Resunab is a novel synthetic oral endocannabinoid-mimetic drug that preferentially binds to the CB2 receptor expressed on activated immune cells and fibroblasts. CB2 activation triggers endogenous pathways that resolve inflammation and halt fibrosis. Preclinical and Phase 1 studies have shown Resunab to have a favorable safety, tolerability and pharmacokinetic profile. It has also demonstrated promising potency in preclinical models of inflammation and fibrosis. Resunab is designed to trigger the production of "Specialized Pro-resolving Lipid Mediators" that activate an endogenous cascade responsible for the resolution of inflammation and fibrosis, while reducing production of multiple inflammatory mediators. Resunab has direct effects on fibroblasts to halt tissue scarring. In effect, Resunab triggers endogenous pathways to turn "off" chronic inflammation and fibrotic processes, without causing immunosuppression.

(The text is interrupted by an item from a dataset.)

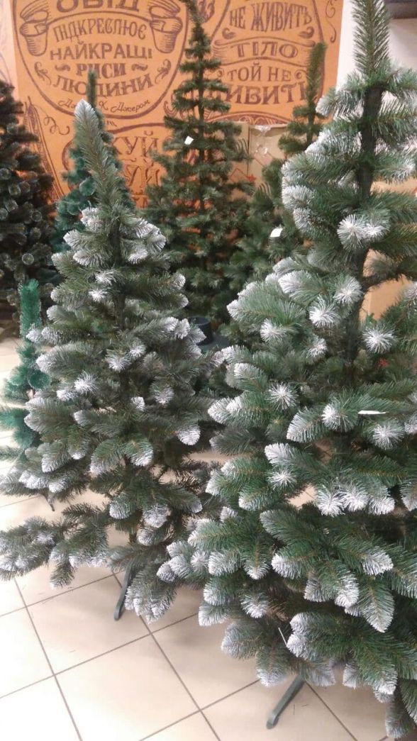 — Такі вже кілька років продаються, раніше були лише ПВХ, — каже продавець пан Ігор. — Цього року з’явилися зі спеціальним напиленням, яке на вигляд, як сніг. Вони дорожчі, ніж звичайні.За розмірами ялинки з литої хвої — від 150 і до 250 сантиметрів. Вищі також є, але тільки під замовлення, бо вони коштують від 10 тис. гривень.

Corbus Pharmaceuticals Holdings, Inc. is a clinical stage pharmaceutical company focused on the development and commercialization of novel therapeutics to treat rare, chronic, and serious inflammatory and fibrotic diseases. Our lead product candidate, Resunab, is a novel synthetic oral endocannabinoid-mimetic drug designed to resolve chronic inflammation, and fibrotic processes. Resunab is currently in Phase 2 clinical studies for the treatment of cystic fibrosis, diffuse cutaneous systemic sclerosis and skin-predominant dermatomyositis, with a fourth Phase 2 trial in systemic lupus erythematosus planned to commence during the first half of 2017.